First, expanding our Core API stack across more of our platforms. The Core API stack has proven the model in production: the performance improvements, operational efficiency, and scalability are all validated. The natural next step is to extend this architecture to additional platforms and workloads, which will continue to reduce load on legacy systems and unlock new capabilities.
Second, deepening AI integration across the organisation. We’re moving beyond coding assistants and into more sophisticated agentic workflows — AI that can handle complex, multi-step engineering and operational tasks with greater autonomy. We’re also expanding our applied AI capabilities in document processing, fraud detection, and analytics. The goal is for AI to be as fundamental to how we operate as our cloud infrastructure is today.

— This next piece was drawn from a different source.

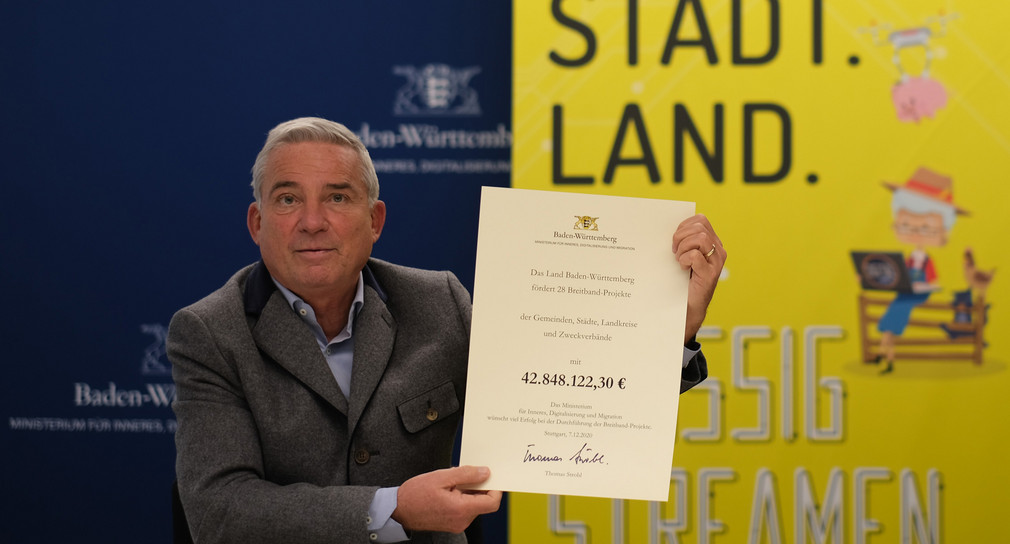 Digitalisierungsminister Thomas Strobl hat Breitbandförderbescheide über rund 42,8 Millionen Euro übergeben. Gefördert werden weitere 28 Breitbandprojekte in zwölf Landkreisen. Damit hat das Land im Jahr 2020 insgesamt 427,5 Millionen Euro Fördermittel für 488 Projekte bewilligt.

Third, continuing our partnership with AMFI on the Data Lake initiative. As this platform matures, it has the potential to enable entirely new categories of industry-wide analytics and insights that don’t exist today — all while maintaining the strict data privacy safeguards we’ve built in through one-way tokenisation. We see this as a public good for the mutual fund industry, and we’re committed to contributing our technology capabilities to make it successful. We’re also continuing to invest in ML models for client-specific use cases — the results we’ve seen so far validate the approach.
Fourth, expanding our global footprint. With the Ascent Fund Services acquisition expanding our global fund administration, and our IFSCA registration for GIFT City, the technology platform needs to support multi-geography, multi-regulatory requirements at the same level of performance and reliability we deliver in India.

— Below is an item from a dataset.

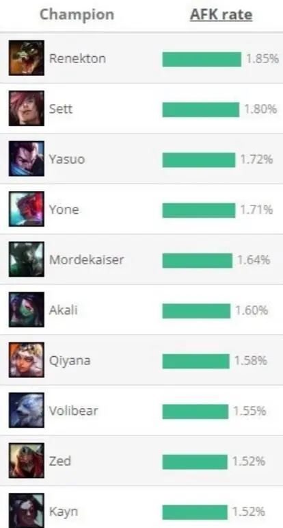 近来关于电竞圈的消息是很多人在讨论的,信赖各人也不绝在关注这方面的内容,近来转会期的节奏太多了,根本上都是一些欠好的内容,网友们之间已经骂的不可开交了,小编看着也是挺头疼的。 不外近来也有一些好玩的事变发生,好比近来LOL官方公布了很多项意见意义数据,好比近来有被操持师忘记的好汉,最久没有新皮肤的好汉排行榜,终极蝎子得到第一名,已经有1103天没有新皮肤了,相当于3年多。 另有官方在体验服上线了游戏名字答应重复的功能,各人以后可以都叫一个名字了,这个功能实在就是为了之后归并大区做预备的,照旧非常不错的,除此之外,近来我们看到又有一个新数据,那就是好汉挂机率。 这次主题是“好汉同盟挂机征象探究”,League of Graphs官方举行了数据网络,终极公布挂机率最高的好汉排名,从这些好汉中看,上单玩家的心态是最轻易崩的,由于第一名就是鳄鱼,到达了1.85%。 牌友第二名是瑟提,路人局根本上都是走上路,也有1.80%,固然了,这也跟好汉有关,鳄鱼在前期假如打不出效果,后期根本上就是废物,以是很多人前期没打出效果之后,直接不想玩了,以是挂机率很高,瑟提大概是由于腿太短,轻易被遛到心态爆炸。 第三名和第四名是一对兄弟,分别是亚索和永恩,分别是1.72%和1.71%,这两只好汉的热度非常高,上场率非常高,各人都想体验一下,但是这两只好汉的难度又很高,以是很多玩家就会被搞到心态爆炸。 而挂机率最低的广泛都是辅助,好比挂机率最低的是明烛,只有0.77%,然后是娜美、露露、猫咪,这些全都是辅助,看来玩辅助的心态确实更好一些,下路双人组中,通常都是AD心态爆炸挂机了,很少有辅助挂机的,对此你们有什么想吐槽的吗? |
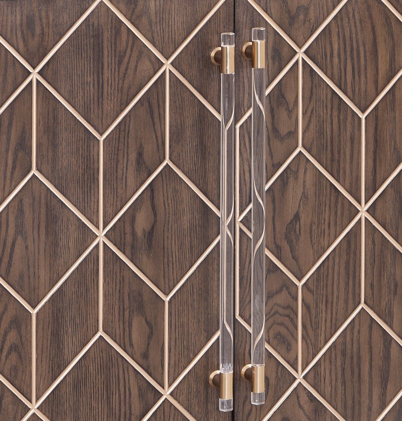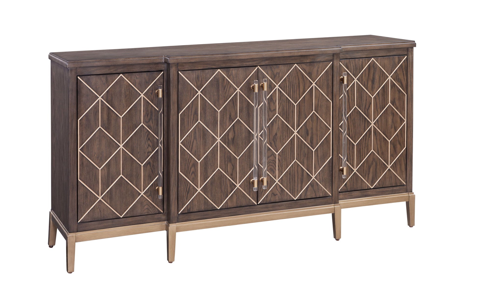 Perrine Brown Oak Server features modern glam design inspirations. The four doors feature a geometric carved design with a contrasting gold finish. The door pulls feature gold caps on the custom acrylic hardware. The case is constructed with rubberwood solids and oak veneers in a brown oak finish. The offset base features tapered legs in a contrasting gold finish. The interior features a drawer and three adjustable shelves with cutouts for media cord management.

And fifth, continued investment in talent and capability building. We’ve established dedicated centres of excellence to ensure we have the right depth in the areas that matter most: a Data and Analytics Centre of Excellence in Bhubaneswar, a Digital and Payments Center of Excellence in Vijayawada, and an AI Centre of Excellence that is driving applied AI adoption across the group.
A deliberate choice we’ve made is to build these centres in non-metro cities like Bhubaneswar and Vijayawada — we believe deeply in developing technology talent outside the traditional metro hubs, and these cities have given us access to exceptional engineers who are hungry to work on hard, meaningful problems. These are not theoretical units — they’re operational centres that are actively building and deploying the models, pipelines, and frameworks that power initiatives like Digital Transformation, FINSTAX, KFINSHIELD, and our intelligent document processing systems. The technology we’re building is only as strong as the people behind it, and these centres ensure a sustainable, specialised talent pipeline aligned with our long-term roadmap.
The overarching theme is clear: KFin is building the infrastructure for India’s next two decades of capital market growth — and increasingly, for global markets as well. Every initiative we’re planning is in service of that mission.